EVOLVABLE ADAS: H-GQM S.M.A.R.T.E.S.T. APPROACH
Abstract
The introduction to the mass market of vehicles with an ADAS 3+ level of automation is expected in the early 2020s. Currently, the vast majority of automakers conduct research in this field, a fairly large number of prototypes, pre-production and production systems have already been demonstrated. ADAS (advanced driver assistance systems) are complex hardware & software systems, the feature of which is that the core hardware platform remains unchanged for one or even several generations of vehicles (5–7 years). At the same time, the system should be able to transform and evolve to correct errors and expand functionality, especially due to active development of sensory peripheral systems and software algorithms. The GQM methodology and its modifications are used to support the development process of complex systems and evaluate them. However, these methodologies are limited exclusively to software products. Also, authors of these methodologies are not addressing explicitly the issues of applying the GQM methodology for analyzing and tracking the process of evolution of complex technical systems. This paper presents HGQM (Hardware GQM) methodology for controllable evolution of complex automotive hardware & software systems. The H-GQM methodology is based on GQM and is aimed at hardwaresoftware systems with a monolithic hardware core, a modifiable software core and atomic peripherals.
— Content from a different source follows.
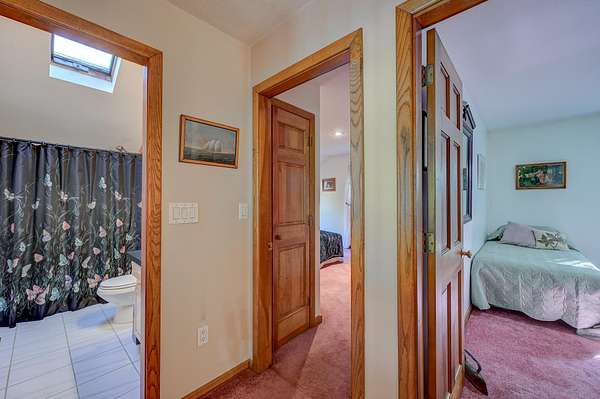 Welcome to the White Mountains! This charming contemporary 3-bedroom, 3-bath home features a 2-car garage plus a 1-car detached garage with a spacious workshop, sitting on 1.68 acres and perfectly blending comfort with mountain living. The main level welcomes you with a stunning cathedral-ceiling living and dining area, where floor-to-ceiling windows fill the space with natural light and a pellet stove adds warmth and ambiance. A sliding door opens to an expansive deck, ideal for outdoor entertaining or quiet mornings with a cup of coffee. The well-appointed kitchen boasts stainless steel appliances, abundant cabinetry, and generous counter space, complemented by a convenient laundry area, half bath, and a bright glass-enclosed porch. The spacious primary suite offers dual closets and a spa-like bath with an oversized jacuzzi tub beneath double skylights and a separate shower, along with a private slider to its own sun-filled deck. Upstairs, two additional bedrooms share a full bath, while the lower level provides a versatile bonus room and a cozy man cave with a pellet stove, along with direct access to the 2-car drive-under garage. Perfectly located in Mount Washington Valley, this home offers easy access to incredible ski areas, endless hiking trails, kayaking on the Saco River, and a host of outdoor adventures. This property is a true four-season retreat that captures the quintessential White Mountains lifestyle.

Entity harmonization process is described to prove the applicability of the GQM for software- and-hardware systems analysis. S.M.A.R.T.E.S.T goal-setting concept is proposed for choice of evolutionary goals. This concept is based on S.M.A.R.T. criteria for the setting objectives of business processes and extended with harmonization and evolvability restrictions. The formulation of the H-GQM plan framework is provided using ADAS as an example. Within the framework of the proposed methodology, an ADAS-specific scalable target template has been formed.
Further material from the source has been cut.